| PROBLEM REQUIREMENTS |
Your answer must be an exact transcription of the data, with every picture omitted.

•••••

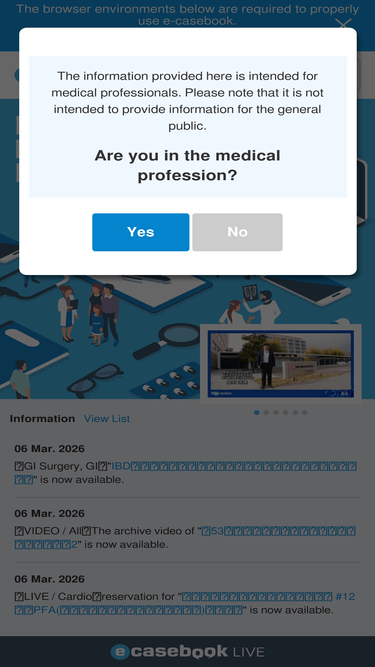 89%e-casebook provides a live video streaming service "e-casebook LIVE" for surgeries and lectures by top level doctors in various fields including Cardiology, Orthopedics, Neurosurgery, Neurology, Gastrointestinal Surgery, Gastroenterology as well as a discussion platform "e-casebook FORUM" for case studies on the web based on DICOM images.
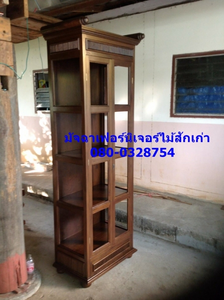 เฟอร์นิเจอร์ตู้โชว์ 2บานเปิดกระจก ขาชาลาเปามีชั้น4ชั้นบนท็อบ ช้าย,ขวา
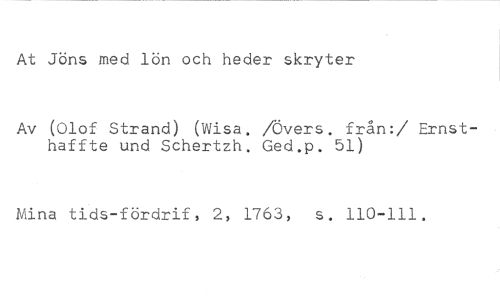 At Jöns med lön och heder skryter //// Av (Olof Strand) (Wisa. /Övers. från:/ Ernsthaffte und Schertzh. Ged.p. 51) //// Mina tids-fördrif, 2, 1763, s. 110-111.
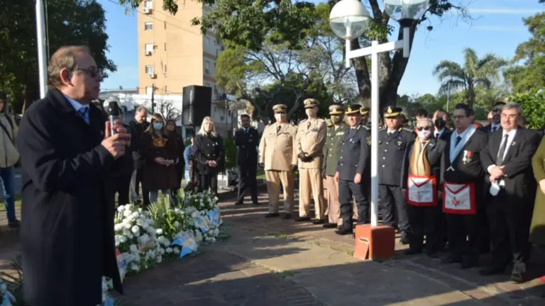 Los actos centrales se iniciaron en el mástil de la ciudad, con el tradicional izamiento de la bandera nacional. Luego, en la plazoleta que lleva el nombre del general Manuel Belgrano, se depositaron ofrendas florales.
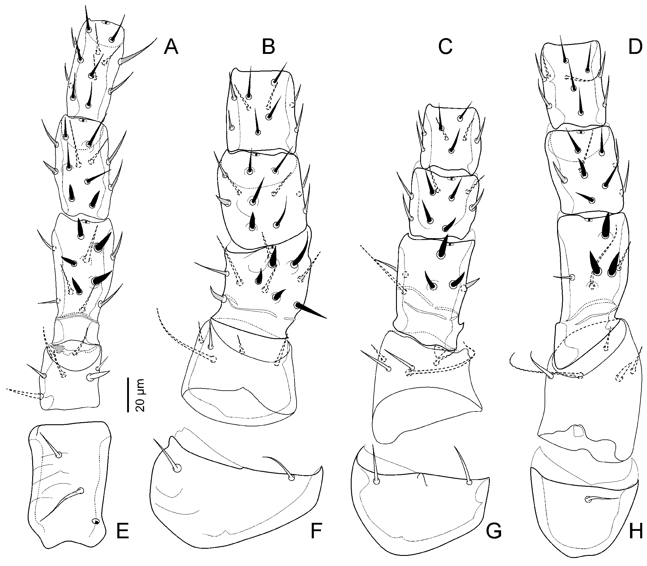 Legs — Female and male. Legs of moderate length, I and IV no longer than dorsal shield. Legs I slightly longest and thinner, and II slightly thicker, than legs III and IV (Figures 4A–D). Distal margins of coxae I–IV without serrated ridges or spur-like processes (Figures 4E–H). Legs I to IV with pretarsi bearing paired claws of moderate size, inconspicuous paradactyli, and rounded pulvilli (Figures 3A, E). Leg I tarsus with 45 setae (Figure 3B) and distinct pedicel bearing pretarsal structures (Figures 3A, C). Tarsus I with sensilla s inconspicuous, not noticeably lanceolate distally (Figure 3D). Legs II to IV with tarsus (excluding pretarsus) about twice as long as tibia. Tarsi II–IV with apical setal processes ad-1, pd-1 short, less than half as long as pretarsi (Figures 3E, F), and with rounded triangular apical process ventrally. Setation and their ontogeny on segments of legs I to IV with full complement of Ascidae (as presented by Lindquist and Evans 1965 for Ascini), coxae, 2-2-2-1; trochanters, 6-5-5-5; femora, 12 (2 3/1 2/2 2) –11 (2 3/1 2/2 1) – 6 (1 2/1 1/0 1) – 6 (1 2/1 1/0 1); genua, 13 (2 3/2 3/1 2) – 11 (2 3/1 2/1 2) – 9 (2 2/1 2/1 1) – 9 (2 2/1 3/0 1), genu IV lacking pv-1; tibiae, 13 (2 3/2 3/1 2) – 10 (2 2/1 2/1 2) – 8 (2 1/1 2/1 1) – 10 (2 1/1 3/1 2). Tarsi II–IV with seta ad-2 somewhat elongated but not extending to base of pretarsi (Figure 3E); paired ventral setae (v-1) and (v-2) somewhat spine-like and claws strong (Figure 3F); other leg setae simple, not strongly modified on female. Male leg setal dimorphism not notably developed (Westerboer, 1963).
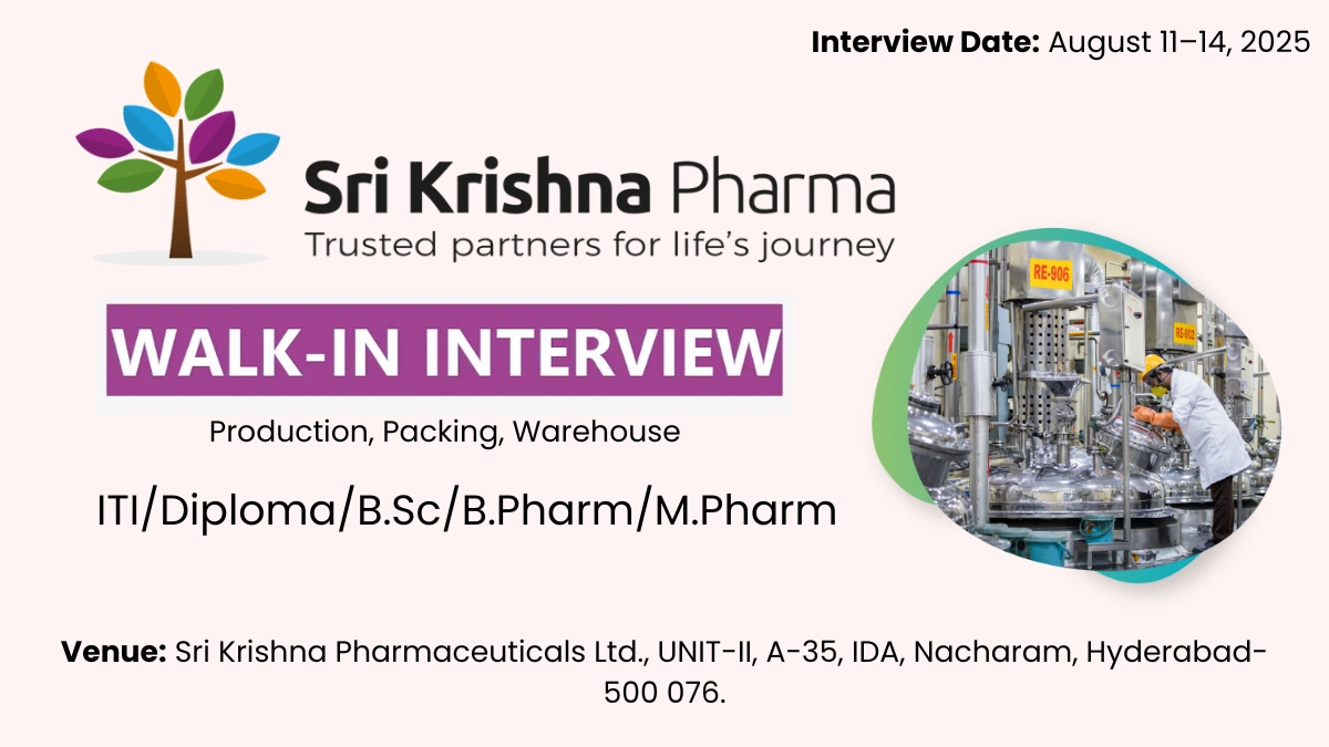 Candidates are encouraged to arrive on time, dress professionally, and carry all required documents. This walk-in is an excellent platform for experienced professionals to showcase their expertise and secure a position in a reputed pharmaceutical company. Joining Sri Krishna Pharma not only offers job stability but also provides exposure to advanced manufacturing processes and growth-oriented work culture. Interested candidates should make the most of this opportunity and attend the interview as per the schedule.

•••••

| THE ANSWER |
 89%e-casebook provides a live video streaming service "e-casebook LIVE" for surgeries and lectures by top level doctors in various fields including Cardiology, Orthopedics, Neurosurgery, Neurology, Gastrointestinal Surgery, Gastroenterology as well as a discussion platform "e-casebook FORUM" for case studies on the web based on DICOM images.
 เฟอร์นิเจอร์ตู้โชว์ 2บานเปิดกระจก ขาชาลาเปามีชั้น4ชั้นบนท็อบ ช้าย,ขวา
 At Jöns med lön och heder skryter //// Av (Olof Strand) (Wisa. /Övers. från:/ Ernsthaffte und Schertzh. Ged.p. 51) //// Mina tids-fördrif, 2, 1763, s. 110-111.
 Los actos centrales se iniciaron en el mástil de la ciudad, con el tradicional izamiento de la bandera nacional. Luego, en la plazoleta que lleva el nombre del general Manuel Belgrano, se depositaron ofrendas florales.
 Legs — Female and male. Legs of moderate length, I and IV no longer than dorsal shield. Legs I slightly longest and thinner, and II slightly thicker, than legs III and IV (Figures 4A–D). Distal margins of coxae I–IV without serrated ridges or spur-like processes (Figures 4E–H). Legs I to IV with pretarsi bearing paired claws of moderate size, inconspicuous paradactyli, and rounded pulvilli (Figures 3A, E). Leg I tarsus with 45 setae (Figure 3B) and distinct pedicel bearing pretarsal structures (Figures 3A, C). Tarsus I with sensilla s inconspicuous, not noticeably lanceolate distally (Figure 3D). Legs II to IV with tarsus (excluding pretarsus) about twice as long as tibia. Tarsi II–IV with apical setal processes ad-1, pd-1 short, less than half as long as pretarsi (Figures 3E, F), and with rounded triangular apical process ventrally. Setation and their ontogeny on segments of legs I to IV with full complement of Ascidae (as presented by Lindquist and Evans 1965 for Ascini), coxae, 2-2-2-1; trochanters, 6-5-5-5; femora, 12 (2 3/1 2/2 2) –11 (2 3/1 2/2 1) – 6 (1 2/1 1/0 1) – 6 (1 2/1 1/0 1); genua, 13 (2 3/2 3/1 2) – 11 (2 3/1 2/1 2) – 9 (2 2/1 2/1 1) – 9 (2 2/1 3/0 1), genu IV lacking pv-1; tibiae, 13 (2 3/2 3/1 2) – 10 (2 2/1 2/1 2) – 8 (2 1/1 2/1 1) – 10 (2 1/1 3/1 2). Tarsi II–IV with seta ad-2 somewhat elongated but not extending to base of pretarsi (Figure 3E); paired ventral setae (v-1) and (v-2) somewhat spine-like and claws strong (Figure 3F); other leg setae simple, not strongly modified on female. Male leg setal dimorphism not notably developed (Westerboer, 1963).
 Candidates are encouraged to arrive on time, dress professionally, and carry all required documents. This walk-in is an excellent platform for experienced professionals to showcase their expertise and secure a position in a reputed pharmaceutical company. Joining Sri Krishna Pharma not only offers job stability but also provides exposure to advanced manufacturing processes and growth-oriented work culture. Interested candidates should make the most of this opportunity and attend the interview as per the schedule.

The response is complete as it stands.